In the next layer, there is a split drift and filling and ventilation drifts at the border of the panel, from the split drift at an acute angle to its long axis, the combine excavates ore in layered cuts at an angle of 2-15 ^o to the horizontal to the filling and ventilation drift.

 The mined ore is delivered to a split drift and by a split drift to ore discharge by conveyors. When the combine moves to the next layer cutting in the spent layer cutting, filling operations are carried out, for this purpose filling materials in the form of crushed rock of a certain granulometric composition are fed from conveyors by-pass upward excavation. Part of the volume of the layer cut is filled with crushed rock, and it is vibrated to the maximum possible degree of addition (the term addition is taken from the technical literature on hydraulic engineering: addition is packing with a minimum number of pores for a given particle size distribution).

 Then, injection is made into the remaining pores of the solidified solidification mortar array.

 Then repeat the above operations until the layer cut is filled with a bookmark in the form of crushed rock with pores filled with a hardening solution.

 After excavation of the ore from all the layer slots of the panel and filling them with a bookmark, the ore is mined by the combine from the pillars between the laid layer cuts. After that, the filling of the developed volume of the pillars is also carried out by crushed rock, followed by injection of a hardening solution into it with the technological operations used to fill the layer dispersions.

 After working out the layer, the split and filling-ventilation drifts are filled with crushed rock using the conveyors installed in them for its transportation. The laying of crushed rock and the subsequent injection of a hardening solution into it are carried out by technological operations, which are used when filling layer cross-sections.

 Over the filling bookmark with a split and filling-ventilation drifts combine harvester passes cutting and filling-ventilation drifts for excavation of a new layer with the issuance of simultaneously mined ore conveyors used in mining the previous layer. After driving the indicated drifts of the layer, the conveyors are reassembled by lifting and securing them to the roof of these passed drifts to work out a new layer.

 Significant differences of the proposed technical solutions are as follows.

In the next layer, there is a split drift and filling and ventilation drifts at the border of the panel, from the split drift at an acute angle to its long axis, the combine excavates ore in layered cuts at an angle of 2-15 ^o to the horizontal to the filling and ventilation drift.

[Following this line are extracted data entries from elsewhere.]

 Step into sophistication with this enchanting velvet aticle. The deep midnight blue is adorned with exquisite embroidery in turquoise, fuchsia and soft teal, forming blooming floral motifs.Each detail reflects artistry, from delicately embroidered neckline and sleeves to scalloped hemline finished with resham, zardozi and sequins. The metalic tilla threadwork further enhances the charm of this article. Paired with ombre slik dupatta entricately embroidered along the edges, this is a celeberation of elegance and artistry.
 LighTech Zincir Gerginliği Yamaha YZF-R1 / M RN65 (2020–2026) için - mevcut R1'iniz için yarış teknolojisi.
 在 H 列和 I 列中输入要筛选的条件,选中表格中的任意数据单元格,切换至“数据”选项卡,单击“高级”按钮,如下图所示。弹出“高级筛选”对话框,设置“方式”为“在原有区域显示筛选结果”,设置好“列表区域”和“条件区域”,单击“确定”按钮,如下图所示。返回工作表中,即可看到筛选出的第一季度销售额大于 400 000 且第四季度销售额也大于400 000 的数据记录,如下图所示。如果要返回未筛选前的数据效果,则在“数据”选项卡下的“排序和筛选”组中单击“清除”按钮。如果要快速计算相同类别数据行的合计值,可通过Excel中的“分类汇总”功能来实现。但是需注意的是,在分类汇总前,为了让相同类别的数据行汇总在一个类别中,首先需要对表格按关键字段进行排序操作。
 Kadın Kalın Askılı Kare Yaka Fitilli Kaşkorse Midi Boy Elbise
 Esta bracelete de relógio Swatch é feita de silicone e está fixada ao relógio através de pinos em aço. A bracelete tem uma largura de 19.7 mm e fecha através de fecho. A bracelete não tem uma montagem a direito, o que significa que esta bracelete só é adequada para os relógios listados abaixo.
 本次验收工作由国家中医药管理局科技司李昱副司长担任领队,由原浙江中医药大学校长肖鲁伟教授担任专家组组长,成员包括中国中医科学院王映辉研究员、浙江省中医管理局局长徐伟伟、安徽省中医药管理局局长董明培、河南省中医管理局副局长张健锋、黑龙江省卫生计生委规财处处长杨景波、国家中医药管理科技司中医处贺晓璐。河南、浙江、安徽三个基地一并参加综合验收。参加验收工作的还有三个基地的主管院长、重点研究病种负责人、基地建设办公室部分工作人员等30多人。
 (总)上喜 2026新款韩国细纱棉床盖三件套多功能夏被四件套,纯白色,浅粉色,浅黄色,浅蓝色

 Orientation of the slitting cut at an acute angle to the long axis of the split drift allows you to use the simplest design of a sectionally-bending delivery conveyor to deliver ore from the combine to the transport conveyor installed in the split drift.

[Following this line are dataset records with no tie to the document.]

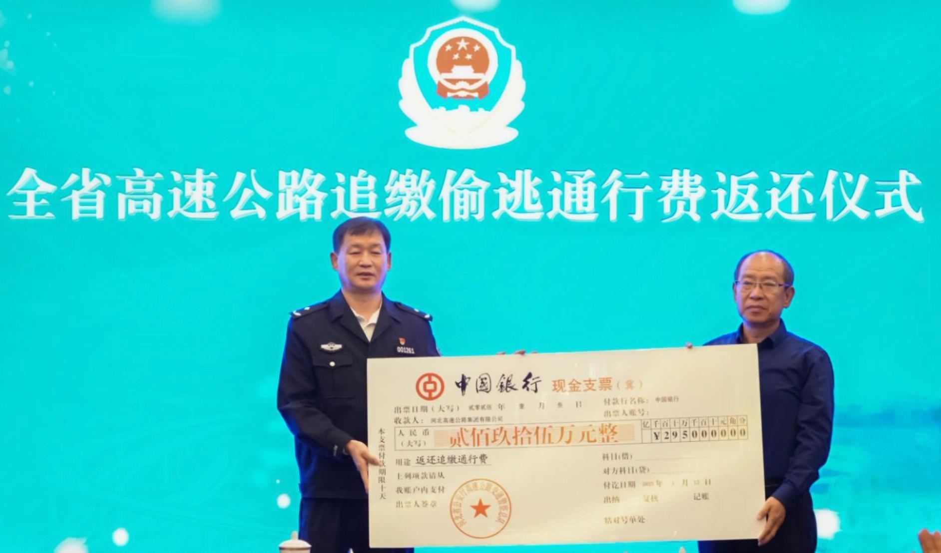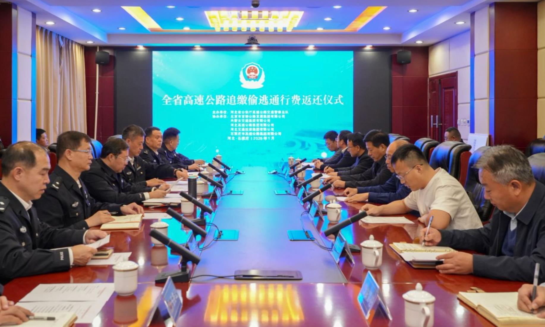 為集中展示高速交警依法刑事打擊涉交類違法犯罪專項行動成效,1月3日,河北省高速交警總隊舉辦全省高速公路追繳偷逃通行費返還儀式,向河北高速集團、河北交投集團、北京首發(fā)集團、內(nèi)蒙古交通集團、石家莊市高速集團5家業(yè)主單位返還追繳偷逃通行費550萬元。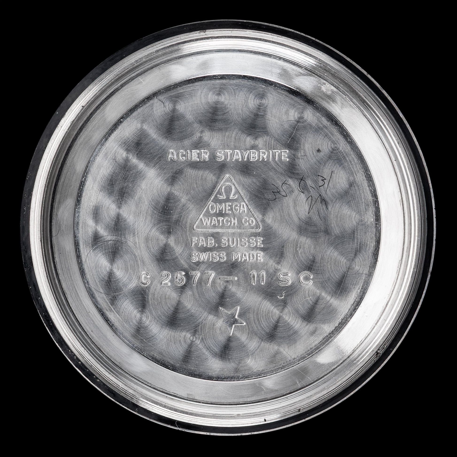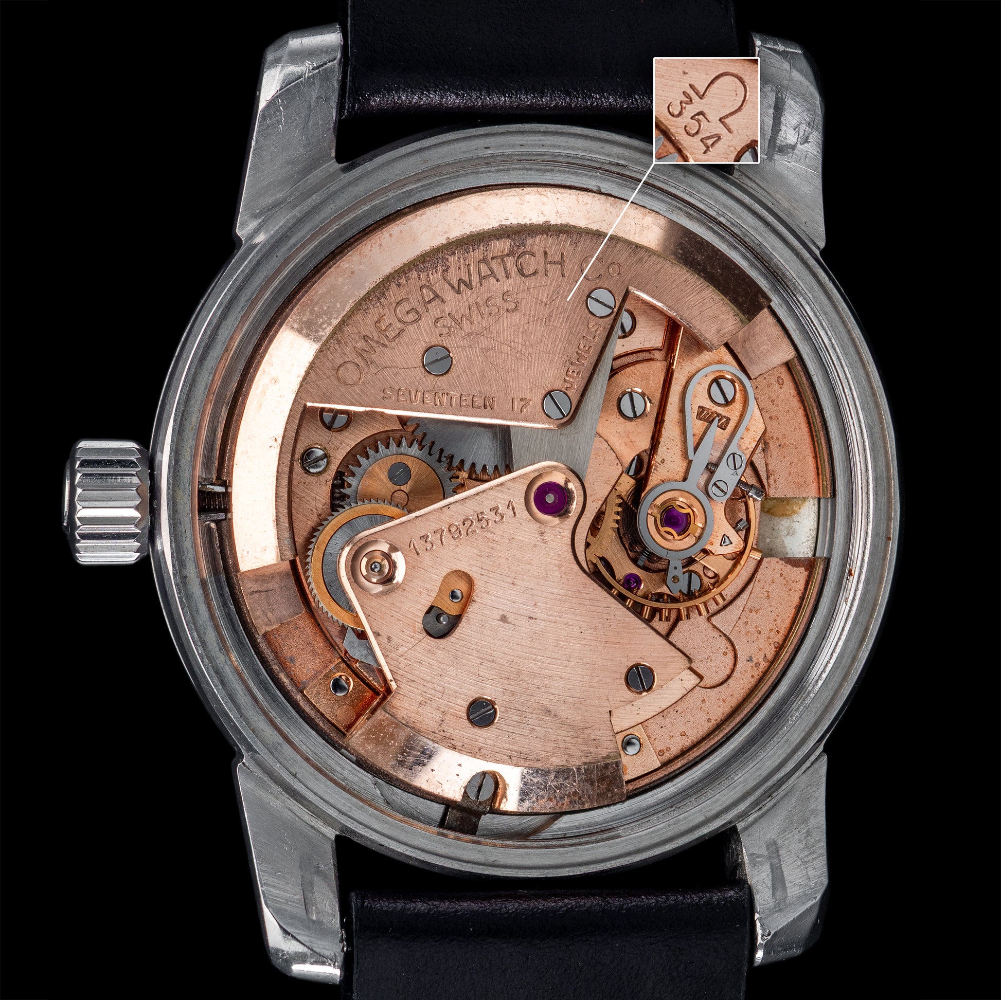 Powering the watch is the Omega Caliber 354, a revered "bumper" automatic movement. Unlike modern full-rotor automatics, bumper movements use a semi-rotor that swings back and forth between spring-loaded bumpers. This innovative mechanism, used by Omega during the 1940s and early 1950s, provides a distinctive tactile feel and audible “click” that many vintage collectors find endearing. The Caliber 354 is known for its reliability and smooth operation, making it both historically significant and mechanically satisfying.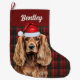 Calcetín Navideño Grande Cocker Spaniel Green and Red Plaid with Dog's Name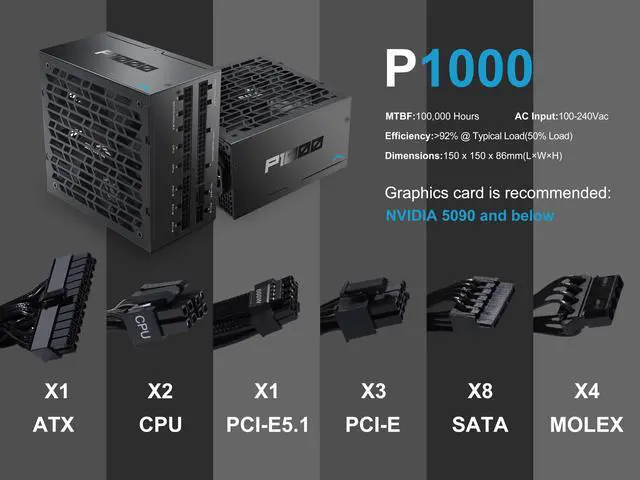 The SAMA P Series delivers 80 PLUS Platinum certified efficiency (over 92%) in a fully modular design, perfect for high-performance PCs. It exceeds ATX 3.1 standards, handling power spikes up to 235% of rated load for ultimate stability.

 The sectional-bending delivery conveyor allows the ore to be delivered from the combine without remounting with an increasing length of layer cutting.

The extraction of ore in layered incision at an angle of 2-15 ^o to the horizon is necessary to reduce the cost of filling the spent layer dissection (mined-out space) with crushed rock and further injection of a hardening solution into its pores. Depending on the composition of the hardening solution for injection, the angle of inclination of the soil is selected. For example, when using an aqueous solution of clay as a hardening solution (hardening occurs due to freezing of water), it is advisable to conduct layer cuts at a small angle of 2 ^o and above. The high fluidity of the aqueous clay solution will ensure the minimum cost of injecting it into the embedded mass. When using a cement-sand aqueous solution as a hardening solution, in order to save cement, it is advisable to use the granulometric composition of crushed rock, which ensures minimal porosity with a maximum degree of folding of the massif. Under these conditions, it is advisable to have a large angle of inclination of the soil of the layer-wise cutting to ensure the completeness of filling the worked-out space of the layered cut and reduce the cost of injection. In this case, the angle of inclination is determined by the ability of the combine and conveyor, and in order not to complicate the process of production and transportation, the maximum angle of inclination of the soil is cut 15 ^o to the horizon (based on the conditions of use of this conveyor).

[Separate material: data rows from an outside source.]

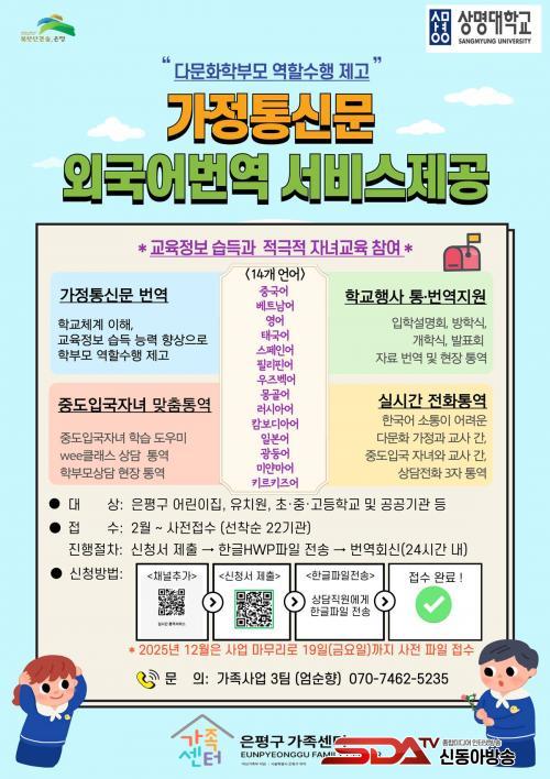 ¡®°¡Á¤Åë½Å¹® ¹ø¿ª »ç¾÷¡¯Àº ¾î¸°ÀÌÁý, À¯Ä¡¿ø, ÃʵîÇб³ µî ±³À°±â°ü¿¡¼ ¹èÆ÷ÇÏ´Â ±³À° °øÁö »çÇ×À» Åë¹ø¿ª Ȱµ¿°¡ Àü¹®±³À°À» À̼öÇÑ °áÈ¥À̹ÎÀÚµéÀÌ Á÷Á¢ 14°³ ¸ð±¹¾î·Î ¹ø¿ªÇØ Á¦°øÇÑ´Ù. ´Ù¹®È °¡Á¤ÀÌ ¾ð¾îÀû ÇѰè·Î °¡Á¤Åë½Å¹®À» ÀÌÇØÇÏÁö ¸øÇØ ¹ß»ýÇÏ´Â ±³À°Á¤º¸ ºÒ±ÕÇü°ú »ç°¢Áö´ë ÇØ¼Ò¸¦ µ½´Â´Ù.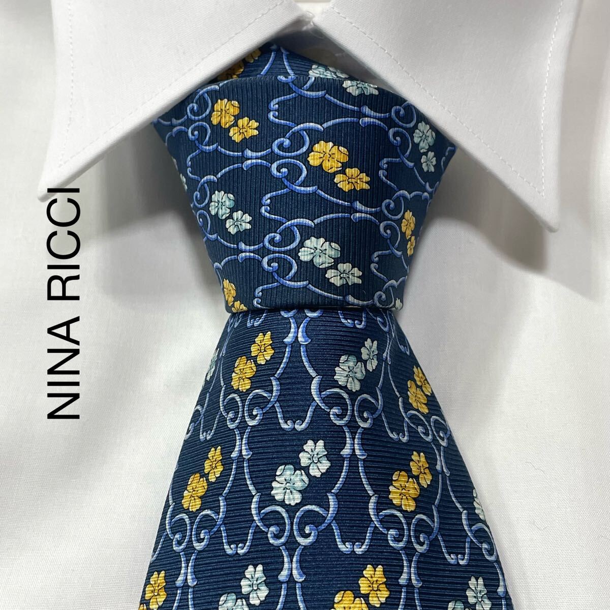 - NINA RICCI ニナリッチ パターン柄 シルク ネクタイ フランス製 ネイビー TG2978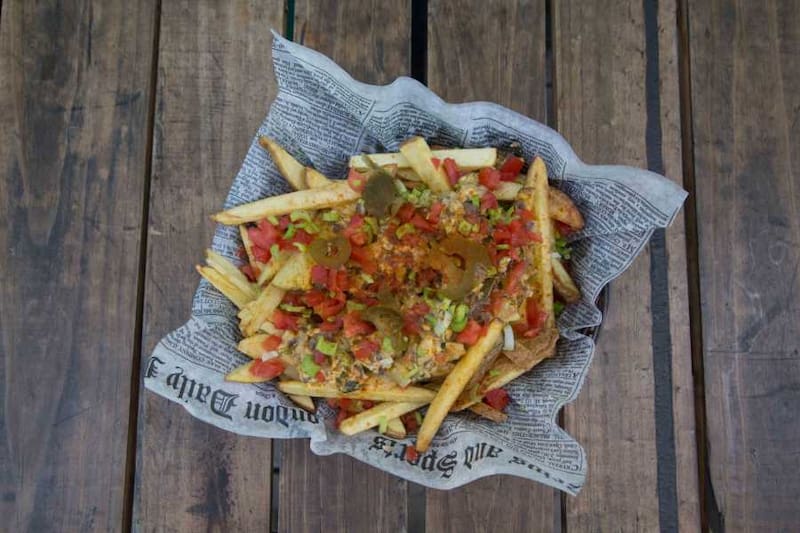 Un plato perfecto para compartir son las “papas supremas”, rústicas y con trocitos de carne, cebollín, salsa queso y un toque de tomate ($ 3.990).

 The mined ore is delivered to a split drift and by a split drift to ore discharge by conveyors.

 This ensures the maximum possible productivity of a continuously working combine harvester and the minimum cost of ore delivery. The sizes of kimberlite pipes are limited, ore bodies are compact. The proposed method for mining a kimberlite pipe provides minimum delivery distances, and large volumes of ore in the unit for operation of the complex, consisting of a small delivery conveyor up to 50 m long and a transport conveyor up to 300 m long, provide high efficiency of use.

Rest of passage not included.